…Безлюдный плес в плавнях. На песчаном островке за кустом ивняка сидит Бурмило в широченных смешных трусах, похожих на женские. На ногах у него ласты. Во рту трубка акваланга, к лицу он подгоняет маску. Фыркает, как кит,— нос мешает. Сквозь стекло маски заглядывает Бурмило в брошюру, которую держит в руках,— сверяется с с инструкцией. Рядом — одетый Кныш. Вот Бурмило отложил брошюру. Пошел к воде, цепляясь за землю ластами и спотыкаясь. Шлёп — упал. Поднялся. Не выпуская изо рта трубки, что-то гудит, наверно, ругается.

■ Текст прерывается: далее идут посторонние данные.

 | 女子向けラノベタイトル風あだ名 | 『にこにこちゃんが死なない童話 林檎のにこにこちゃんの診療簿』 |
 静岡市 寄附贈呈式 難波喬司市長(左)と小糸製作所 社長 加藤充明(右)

Зашел в воду. Ныряет. Над водой мгновение дрыгаются худые волосатые ноги в ластах, потом исчезают. Нет Бурмилы, только рябь по воде пошла.

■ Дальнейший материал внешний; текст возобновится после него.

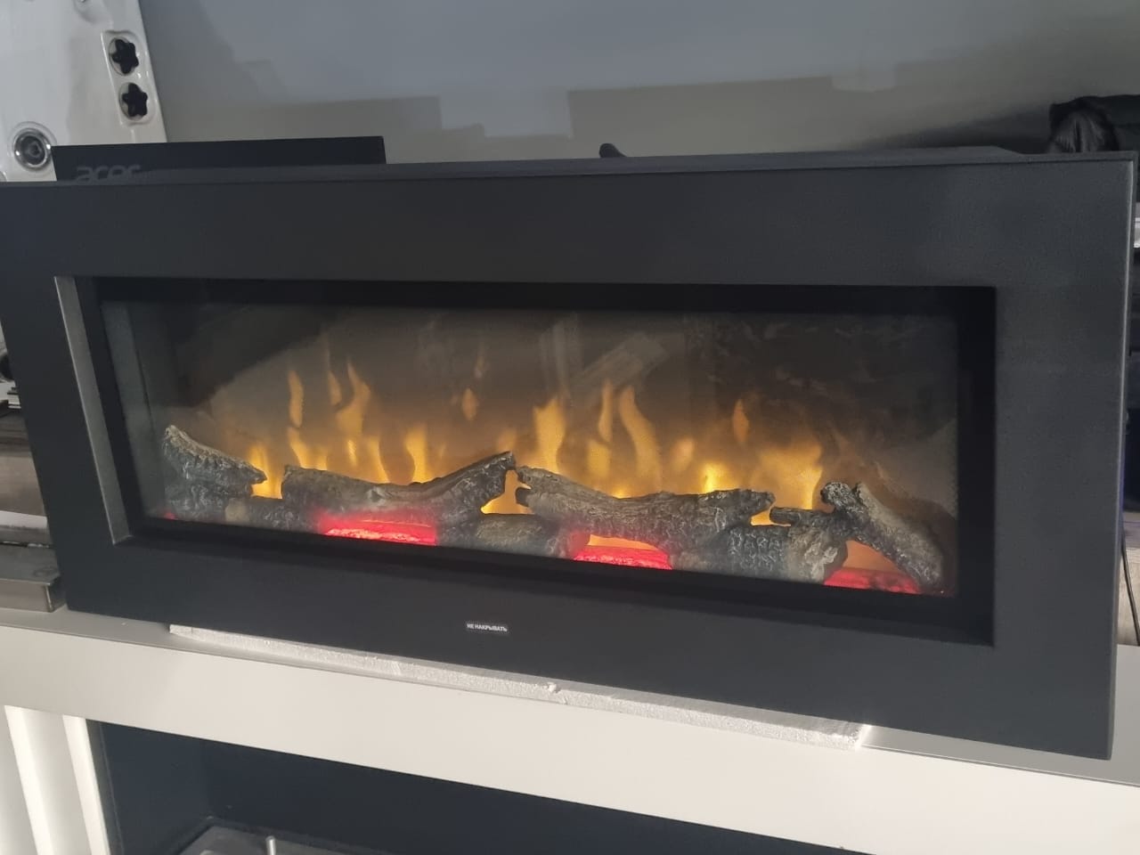 Дрова, находящиеся в очаге, создают эффект мерцания за счет встроенных в них светодиодов.

Кныш внимательно смотрит на воду. Секунда, две, три…
Но вот появились на воде пузыри, пузыри, пузыри… Р-раз! — вынырнула Бурмилова голова. Лихорадочно срывает Бурмило маску, трубку. Отфыркивается, отплёвывается. Тяжело дыша, вылезает из воды.
— Фу… Фу… Тьфу!… Тьфу! Чуть не утонул. Фу-у-у! Нельзя мне еще на глубину идти. Опасно. Потренироваться сперва хорошенько надо. Ведь там метров шесть, а то и все восемь будет.

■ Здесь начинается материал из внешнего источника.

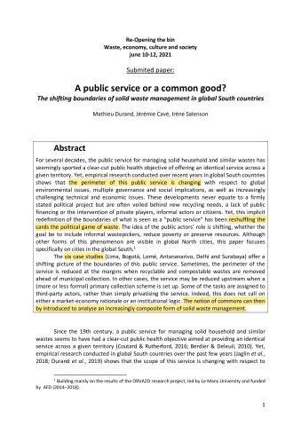 Mathieu Durand, Jérémie Cavé, Irène Salenson. A public service or a common good? The shifting boundaries of solid waste management in global South countries. Re-opening the bin - Waste, economy, culture and society, Gothenburg university, Jun 2021, Göteborg [en ligne], Sweden. ⟨hal-03518038⟩

— Конечно, конечно… Потренируйся. А как же! — успокаивал его Кныш.— Но у тебя хорошо получается. Дело пойдет! Если бы я так мог…
— Да, нелегкая, оказывается, эта штука. Здоровье как у быка надо,— набивает себе цену Бурмило.
— Зато потом… Потом ты мне сапоги целовать будешь. Жизнь, как в раю будет.— Кныш щелкает по шее и гогочет, Бурмило гогочет в ответ.
И не знают Кныш с Бурмило, что мы с Явою всё-всё это видим и слышим. Мы притаились в камышах на другой стороне плеса и наблюдаем. По очереди мы передаем друг другу старый полевой бинокль моего отца. Хотя бинокль и слепой на один глаз, а в другом стеклышки поцарапаны и бельмоваты от времени (папе еще в войну, когда он был маленьким, подарил его офицер-фронтовик), но всё же это бинокль, шестикратный, и в шесть раз приближает объект наблюдения.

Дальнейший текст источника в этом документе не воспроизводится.